HB 5299, AN ACT CONCERNING TOXIC FLAME RETARDANT CHEMICALS IN CHILDREN’S PRODUCTS AND UPHOLSTERED RESIDENTIAL FURNITURE: This bill was submarined by 1 Senator, when it was on the verge of passage. Again, we see the extreme power of money in politics using obscure levers to block the common good. The bill would have banned any product containing the flame retardant chemicals TDCPP, TDCP or TCPP that was marketed for the use of children three years of age or younger. Momentum for passage was large, and it had overwhelmingly passed the House before that single Senator killed it by threatening to run out the clock with a flood of amendments.

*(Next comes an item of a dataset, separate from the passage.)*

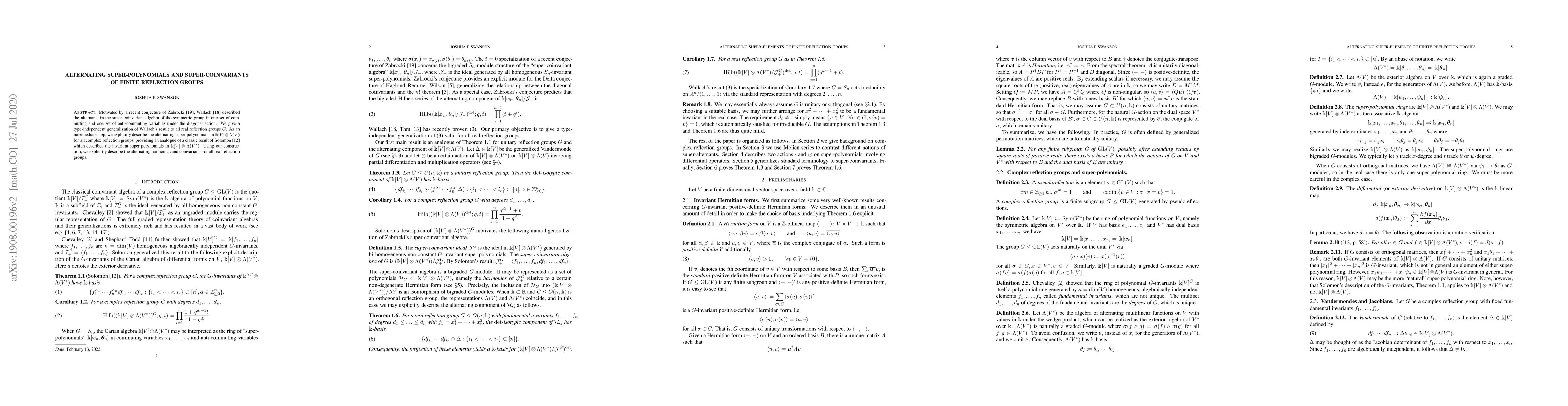 Motivated by a recent conjecture of Zabrocki, Wallach described the alternants in the super-coinvariant algebra of the symmetric group in one set of commuting and one set of anti-commuting variables under the diagonal action. We give a type-independent generalization of Wallach's result to all real reflection groups $G$. As an intermediate step, we explicitly describe the alternating super-polynomials in $k[V] \otimes \Lambda(V)$ for all complex reflection groups, providing an analogue of a classic result of Solomon which describes the invariant super-polynomials in $k[V] \otimes \Lambda(V^*)$. Using our construction, we explicitly describe the alternating harmonics and coinvariants for all real reflection groups.

From the 2015 legislative session:
SB 573 AAC Variable Electric Rates: When PURA held hearings last year, the number one consumer complaint was the variable rate. Over and over people testified that their rates were doubled and tripled, and asked that the variable rate be eliminated. The passage of this bill means that Connecticut residents will be the first in the nation to be protected from deceptive, variable electric rates. The new legislation will not affect existing contracts, but will prohibit new ones going forward and takes effect on Oct. 1st, 2015.
Thank you to AARP for taking the lead on this and to all of the CCAG allies and members who showed up at the hearings, wrote the letters, made the calls to legislators, and to all of the legislators who championed this bill!
News Channel 8 Coverage
570 AAC Electric Savings and Fixed Bill Fee: This bill initially capped at $10 the fixed charge all electric customers pay regardless of how much power they use. That charge has skyrocketed to $19.25 for Eversource and $17.25 for United Illuminating, though each company requested much more. By lowering and capping fixed charges, all consumers, including the most vulnerable, would have had a real chance to benefit economically from the rapid advances in technology that are already modernizing the power grid.
The bill — which passed the Senate but never made it to the House floor — eliminated a specific cap and replaced it with a new delineation of what could be calculated as part of the fixed charge, a prospect that had us worried as it could not be determined how this would play out. Some calculations actually projected that the fixed rate would go up!
There is some possibility that elements of SB570 may get folded into the "budget implementer" bills during special session.